# Port St Joe wade fishing



## REELBROKE (Feb 5, 2016)

I will be in Port St Joe next week. Are there any spots that will work for wade fishing? Tips for lures bait etc.


----------



## Splittine (Nov 24, 2007)

Some of the best wade fishing I've ever done has been down there. Early morning or late in the day. Top water and suspending lures. I have destroyed big trout down there the last few years. Wade about waste deep, make sure you're wearing shoes.


----------



## NoMoSurf (Oct 2, 2007)

Shuffle, dont walk. Lots of rays in that bay. I caught one that was 39 inches wide and over 5ft long about 2 weeks ago.

I also fish Gulfport/Biloxi. The In-Laws live there.


----------



## UH1PLT (Jul 27, 2016)

Back in the 80's, I used a fly rod while wading and had a great time with those trout. Any shrimp style fly worked great. I haven't back in a couple of decades but I bet it is still a great fishery. Also used to snorkle for scallops in the summer, a lot of fun.


----------



## Knockdown (Oct 26, 2008)

Watch out for sharks!!


----------



## Bodupp (Oct 3, 2007)

Knockdown said:


> Watch out for sharks!!


This^^^. There's an ass of sharks there - some in very shallow water. Boocoo stingrays. I'm not saying don't wade, just be alert.


----------



## NoMoSurf (Oct 2, 2007)

Yep, lots of little 2-3ft Atlantic Sharpnose and Bonnetheads in there. Nothing to be scared of, but there are some bigger stuff too.
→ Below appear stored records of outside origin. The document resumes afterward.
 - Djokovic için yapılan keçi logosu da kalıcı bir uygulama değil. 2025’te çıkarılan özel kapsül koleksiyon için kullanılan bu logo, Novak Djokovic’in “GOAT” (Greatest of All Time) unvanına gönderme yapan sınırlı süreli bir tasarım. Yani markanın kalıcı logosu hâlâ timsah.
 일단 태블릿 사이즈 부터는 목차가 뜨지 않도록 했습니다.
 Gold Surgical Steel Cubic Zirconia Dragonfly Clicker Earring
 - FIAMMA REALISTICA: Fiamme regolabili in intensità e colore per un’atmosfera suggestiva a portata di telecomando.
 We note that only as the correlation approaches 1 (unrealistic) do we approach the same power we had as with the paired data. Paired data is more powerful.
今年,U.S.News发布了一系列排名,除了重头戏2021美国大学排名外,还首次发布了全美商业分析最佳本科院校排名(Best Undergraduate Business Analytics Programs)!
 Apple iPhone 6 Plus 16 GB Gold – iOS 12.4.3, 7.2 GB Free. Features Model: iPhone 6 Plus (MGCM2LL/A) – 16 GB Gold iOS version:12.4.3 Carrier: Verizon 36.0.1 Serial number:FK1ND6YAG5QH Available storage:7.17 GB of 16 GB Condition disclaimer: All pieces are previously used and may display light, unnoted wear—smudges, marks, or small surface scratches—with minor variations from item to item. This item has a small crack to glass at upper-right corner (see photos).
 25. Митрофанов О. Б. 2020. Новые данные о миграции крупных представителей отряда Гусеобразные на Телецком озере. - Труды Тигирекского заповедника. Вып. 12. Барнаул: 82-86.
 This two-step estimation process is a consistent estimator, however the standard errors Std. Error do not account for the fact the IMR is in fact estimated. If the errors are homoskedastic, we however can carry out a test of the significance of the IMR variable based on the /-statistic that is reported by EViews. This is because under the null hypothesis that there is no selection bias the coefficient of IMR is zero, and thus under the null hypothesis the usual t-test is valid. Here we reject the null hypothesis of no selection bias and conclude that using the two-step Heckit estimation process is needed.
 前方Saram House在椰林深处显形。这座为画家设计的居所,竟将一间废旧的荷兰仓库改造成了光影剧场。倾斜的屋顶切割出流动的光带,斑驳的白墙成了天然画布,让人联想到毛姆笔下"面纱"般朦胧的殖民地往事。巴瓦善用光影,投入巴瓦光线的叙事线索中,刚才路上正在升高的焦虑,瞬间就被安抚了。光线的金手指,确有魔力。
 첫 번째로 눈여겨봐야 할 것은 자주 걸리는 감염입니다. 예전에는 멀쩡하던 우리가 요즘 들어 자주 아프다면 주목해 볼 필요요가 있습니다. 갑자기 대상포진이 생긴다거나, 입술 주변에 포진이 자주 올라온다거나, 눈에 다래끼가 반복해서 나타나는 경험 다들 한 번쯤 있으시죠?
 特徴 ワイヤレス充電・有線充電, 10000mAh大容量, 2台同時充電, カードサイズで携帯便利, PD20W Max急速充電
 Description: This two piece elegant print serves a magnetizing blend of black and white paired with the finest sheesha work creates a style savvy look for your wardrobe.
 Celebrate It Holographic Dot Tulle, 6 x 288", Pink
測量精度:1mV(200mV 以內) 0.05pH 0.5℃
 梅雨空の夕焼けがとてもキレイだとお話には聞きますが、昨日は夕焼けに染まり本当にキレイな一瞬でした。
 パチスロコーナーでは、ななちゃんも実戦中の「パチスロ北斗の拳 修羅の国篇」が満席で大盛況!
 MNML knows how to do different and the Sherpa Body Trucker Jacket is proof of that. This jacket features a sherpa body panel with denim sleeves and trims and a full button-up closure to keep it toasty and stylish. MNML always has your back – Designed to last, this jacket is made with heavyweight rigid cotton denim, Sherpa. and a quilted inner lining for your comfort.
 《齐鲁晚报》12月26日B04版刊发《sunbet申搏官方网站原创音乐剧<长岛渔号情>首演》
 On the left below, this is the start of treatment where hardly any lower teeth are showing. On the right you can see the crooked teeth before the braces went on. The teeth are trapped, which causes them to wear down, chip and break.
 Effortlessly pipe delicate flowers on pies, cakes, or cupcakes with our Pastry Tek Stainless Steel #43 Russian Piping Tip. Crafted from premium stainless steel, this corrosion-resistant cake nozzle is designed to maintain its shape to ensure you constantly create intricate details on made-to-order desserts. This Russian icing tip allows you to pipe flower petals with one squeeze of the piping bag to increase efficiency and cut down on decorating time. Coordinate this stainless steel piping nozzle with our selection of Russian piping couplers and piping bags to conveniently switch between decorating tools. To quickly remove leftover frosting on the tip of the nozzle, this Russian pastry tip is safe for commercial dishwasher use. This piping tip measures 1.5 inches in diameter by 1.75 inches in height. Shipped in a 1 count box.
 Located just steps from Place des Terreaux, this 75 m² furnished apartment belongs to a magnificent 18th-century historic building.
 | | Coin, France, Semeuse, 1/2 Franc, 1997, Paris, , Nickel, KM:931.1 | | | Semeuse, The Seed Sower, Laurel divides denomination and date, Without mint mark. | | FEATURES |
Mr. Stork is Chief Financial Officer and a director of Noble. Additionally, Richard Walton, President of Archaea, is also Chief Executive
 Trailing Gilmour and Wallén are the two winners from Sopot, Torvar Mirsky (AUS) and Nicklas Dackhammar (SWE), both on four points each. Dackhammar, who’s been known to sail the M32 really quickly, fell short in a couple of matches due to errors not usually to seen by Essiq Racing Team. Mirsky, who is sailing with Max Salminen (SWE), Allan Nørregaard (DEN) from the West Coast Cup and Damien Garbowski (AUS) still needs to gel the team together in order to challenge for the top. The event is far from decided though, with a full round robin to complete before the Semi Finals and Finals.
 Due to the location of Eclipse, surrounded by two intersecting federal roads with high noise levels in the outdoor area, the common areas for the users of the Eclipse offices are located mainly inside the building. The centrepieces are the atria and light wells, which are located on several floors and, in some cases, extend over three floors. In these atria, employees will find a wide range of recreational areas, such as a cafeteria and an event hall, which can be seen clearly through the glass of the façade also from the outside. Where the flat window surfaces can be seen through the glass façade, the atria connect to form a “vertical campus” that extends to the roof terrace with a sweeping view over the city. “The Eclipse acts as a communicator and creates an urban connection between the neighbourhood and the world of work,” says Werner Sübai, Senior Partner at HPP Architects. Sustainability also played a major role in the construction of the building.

See this thread: http://www.pensacolafishingforum.com/f21/cape-san-blas-733921/

And dont do like this kid and wade fish with a pocket full of shrimp...
http://www.cnn.com/2005/US/06/27/shark.attack/index.html


----------



## WAHOOU39 (Jan 14, 2008)

I can vouch for the Sharks....lots of them....have seen some 6-8 ft Bulls in that bay.....caught lots of trout on the west side of the bay from Eagle Harbor down to Scallop Cove.....beautiful area.....Enjoy!


----------



## olegator (Dec 6, 2014)

yep....stingray shuffle is essential.


----------